I also find this passage interesting -
The Hochman Program, as it is sometimes called, would not be unfamiliar to nuns who taught in Catholic schools circa 1950. Children do not have to “catch” a single thing. They are explicitly taught how to turn ideas into simple sentences, and how to construct complex sentences from simple ones by supplying the answer to three prompts—but, because, and so. They are instructed on how to use appositive clauses to vary the way their sentences begin. Later on, they are taught how to recognize sentence fragments, how to pull the main idea from a paragraph, and how to form a main idea on their own. It is, at least initially, a rigid, unswerving formula. “I prefer recipe,” Hochman says, “but formula? Yes! Okay!”
It reminds me a great deal of two texts that I've come across. The first is Beat Not the Poor Desk and the other is They say / I say (the latter is in use at UND for much of their freshmen composition courses).
As I've said countless times, I'm not against formulaic writing. In fact, I teach formulaic writing for the second half of my College Comp courses. I am against simply teaching ONE formula (the five paragraph theme). I give my students various experiences in writing before I show them the five paragraph theme (descriptive, narrative, how to, braided, and then the thesis support format).
I think when this is done, students have a great foundation for writing. And I think we do this very well across our district. Can we get better at it? Of course. But I don't think we should chuck everything we've been doing and jump to another approach.

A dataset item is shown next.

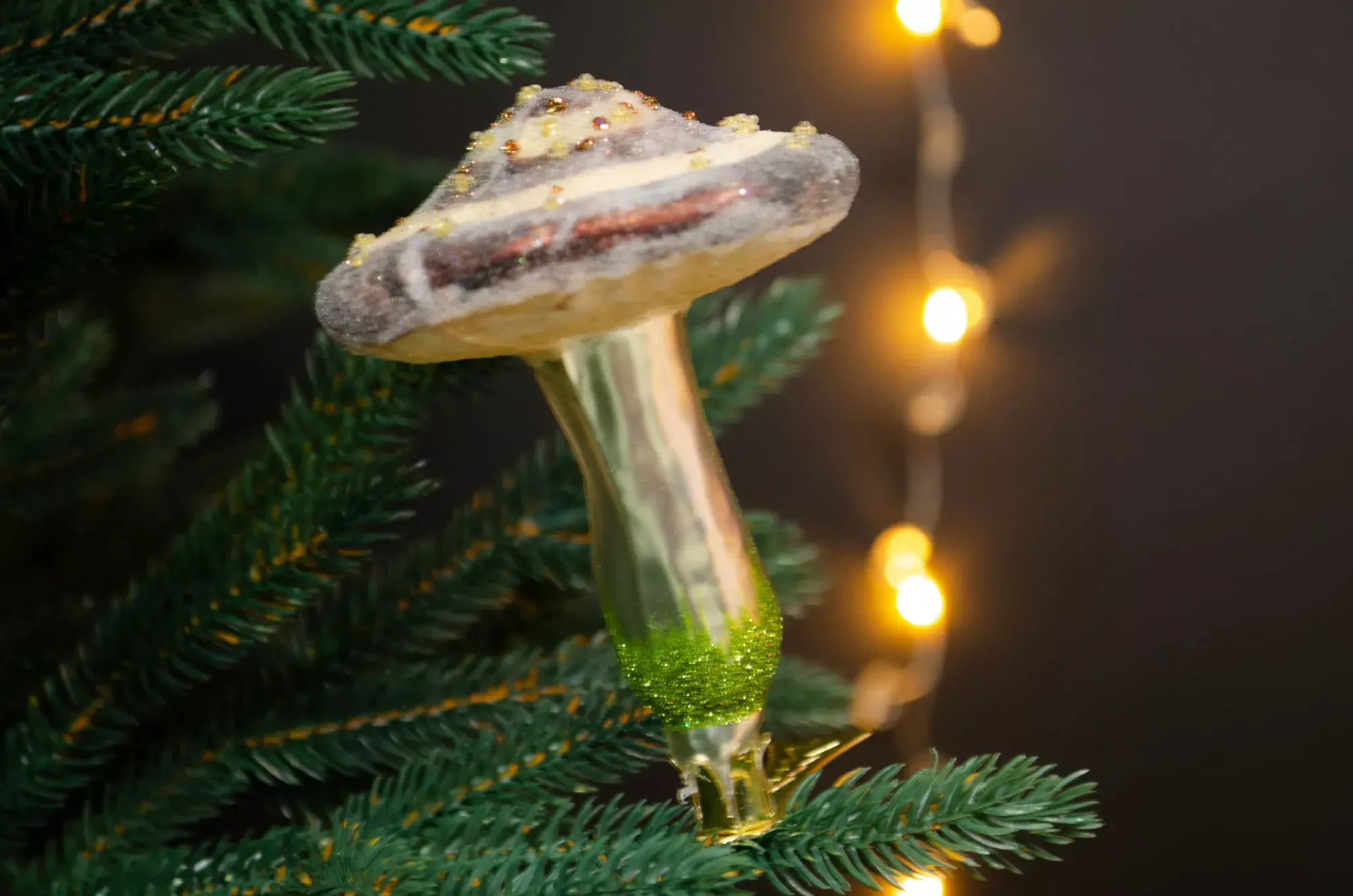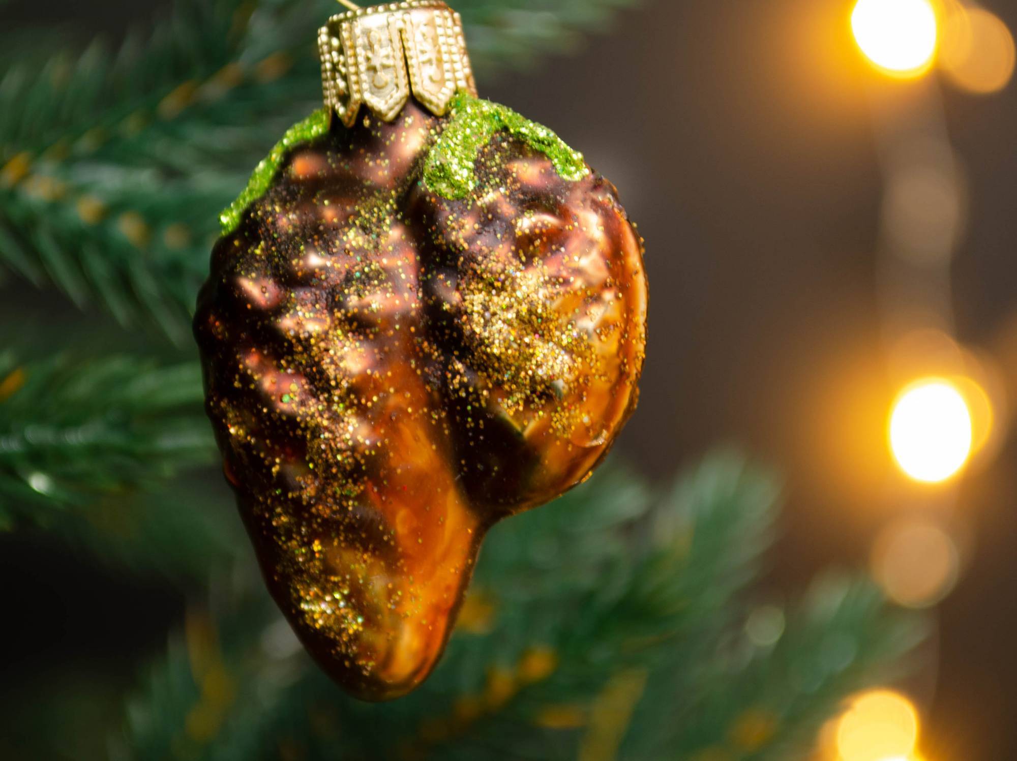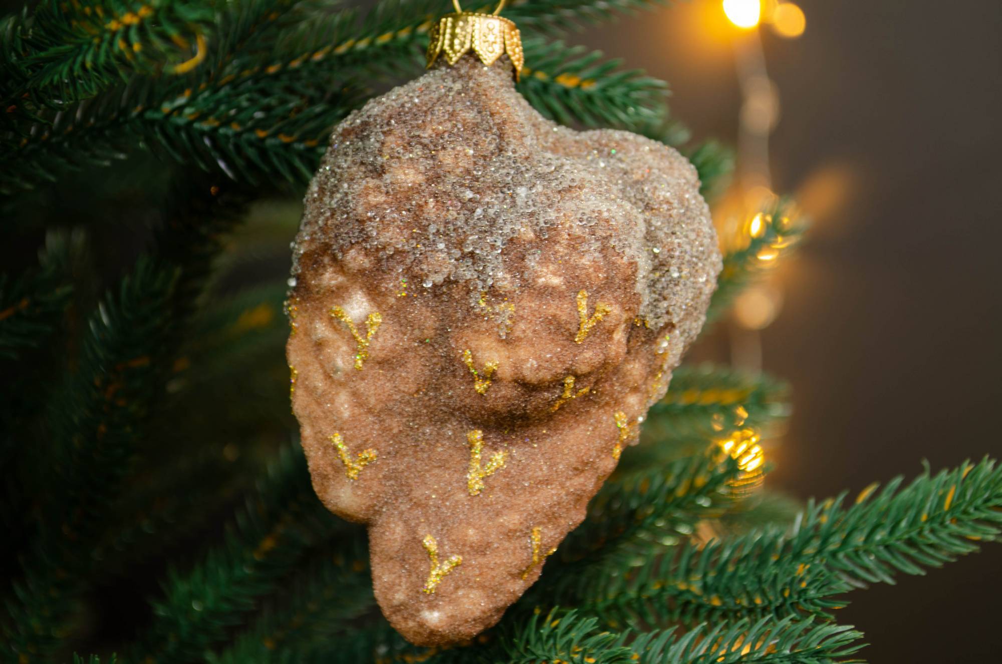 Крупные реалистичные и глянцевые декоративные шишки, сверкающий грибок и лиса-краса гармонично смотрятся на натуральной ели или искусственном дереве темно-зеленого цвета. Лисичка с кокетливым красным бантиком в горох и дары леса составили незатейливую, но очень милую композицию от известного бренда Irena. Такой набор придется по душе любителям эко-стиля.
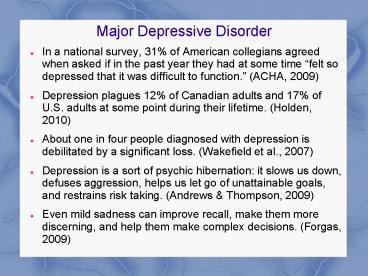 <Notice: Removed> Major Depressive Disorder PowerPoint PPT Presentation

In fact I began my intro to College Comp's first essay (a descriptive paragraph) asking them what makes up a "proper" paragraph. Then I had them show me - they all knew to have a topic sentence followed by three supporting sentences and ending with a concluding sentences. And that works for a basic paragraph. However, I told them that for a descriptive paragraph, I don't want them to write like that at all. You can give reasons why something is descriptive; you have to show it.
Later on when we write expository essays like the persuasive essay and the film review, we'll return to that basic formula and make it more appropriate for the college level.
It doesn't have to be a rudimentary formula. After all, look at the form of the Atlantic piece itself. That's not written in a specific formula. If it were, a college professor might be reading it but not a large audience.